Making sacrifices for loved ones seems to be a part of human nature; a friend needs help moving, a family member needs a loan, the boy you’re dating is starting another business and needs you to be understanding and accommodating. In my case, no one needs help moving, or a loan, but City Boy needs me to be understanding, patient, and accommodating – all of which are incredibly hard for me to do.
Last week I talked about the moment I felt it all get real, the moment I realized that he was different, that I cared about him more than Country Boy, Waiting Man, and the Big Ex all combined. It’s not just butterflies this time, it’s more than that; it’s the knowledge that I want him in my life for a long, long time.
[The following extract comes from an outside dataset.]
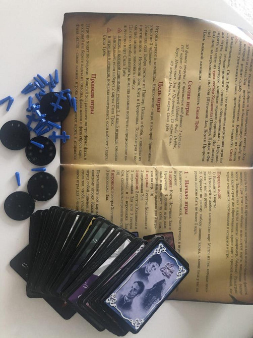 Карточки, правила, фишки, все в наличии. Нет коробки.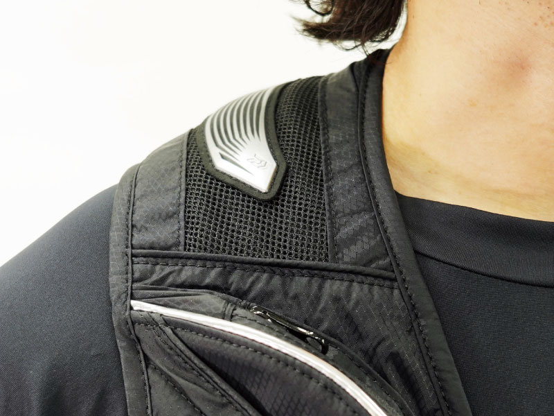 포켓 입구에 약 22×15 ㎝ 크기의 보냉제를 넣어 몸의 등 부분을 식힐 수 있는 폭염 대책의 신 기능.

People tell you that when you meet the person you’re supposed to be with, you just know. This is it. Whatever trials and tribulations life brings your way, this person is the person you’re supposed to be with; and, if it’s a rocky road full of sacrifices, that doesn’t matter because the end result is being with someone you care deeply about.
I thought I was in love with the Big Ex, but his parting words to me were that I deserved someone who loved me beyond reason, someone who was crazy about me, someone who I was just as crazy about and as much as he hurt me – he was right. He understood that we were a temporary thing, there for each other when we both needed it, but I led him on the path to his bride, and he led me on the path to understanding myself.
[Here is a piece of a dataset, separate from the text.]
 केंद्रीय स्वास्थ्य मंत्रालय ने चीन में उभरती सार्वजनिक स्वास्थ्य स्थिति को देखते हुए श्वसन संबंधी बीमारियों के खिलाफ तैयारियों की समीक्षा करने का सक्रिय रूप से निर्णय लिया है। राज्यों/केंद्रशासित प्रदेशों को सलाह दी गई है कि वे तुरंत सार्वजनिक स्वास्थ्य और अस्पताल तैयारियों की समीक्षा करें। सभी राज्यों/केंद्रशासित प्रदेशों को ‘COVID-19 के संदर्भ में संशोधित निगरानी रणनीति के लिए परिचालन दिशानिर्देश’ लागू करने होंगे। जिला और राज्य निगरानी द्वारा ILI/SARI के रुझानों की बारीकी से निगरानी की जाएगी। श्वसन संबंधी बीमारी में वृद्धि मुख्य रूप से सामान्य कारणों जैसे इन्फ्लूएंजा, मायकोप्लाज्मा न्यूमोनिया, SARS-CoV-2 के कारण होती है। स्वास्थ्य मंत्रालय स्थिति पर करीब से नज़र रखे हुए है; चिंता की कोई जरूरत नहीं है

But, it isn’t going to be easy with City Boy; I can’t be priority one in his life, he loves his work and he’s starting something amazing. Instead of being jealous I find myself being proud of him, incredibly inspired by his vision not just for himself but for me. City Boy challenges me, he wants more for me – he told me once that I have an entrepreneurial spirit, that he likes that about me. So, I’ve been thinking about finishing the book I’ve been writing for so long; I’ve been thinking about starting a business on the side; I’ve been thinking about doing more speaking engagements. The bottom line is that he doesn’t just make me a better person, he makes me a better version of myself.
I have to understand that I can’t be his first priority; I will come in second to the business he’s building and I will have to go stretches of time without seeing him while he creates this incredible thing. But, this is such a small sacrifice because he’s the first man in my life to push me to do more, bigger, better.
City Boy is the only man I’ve ever truly seen a future with. If it takes a while to get there, I won’t worry, because, when he looks at me, I melt.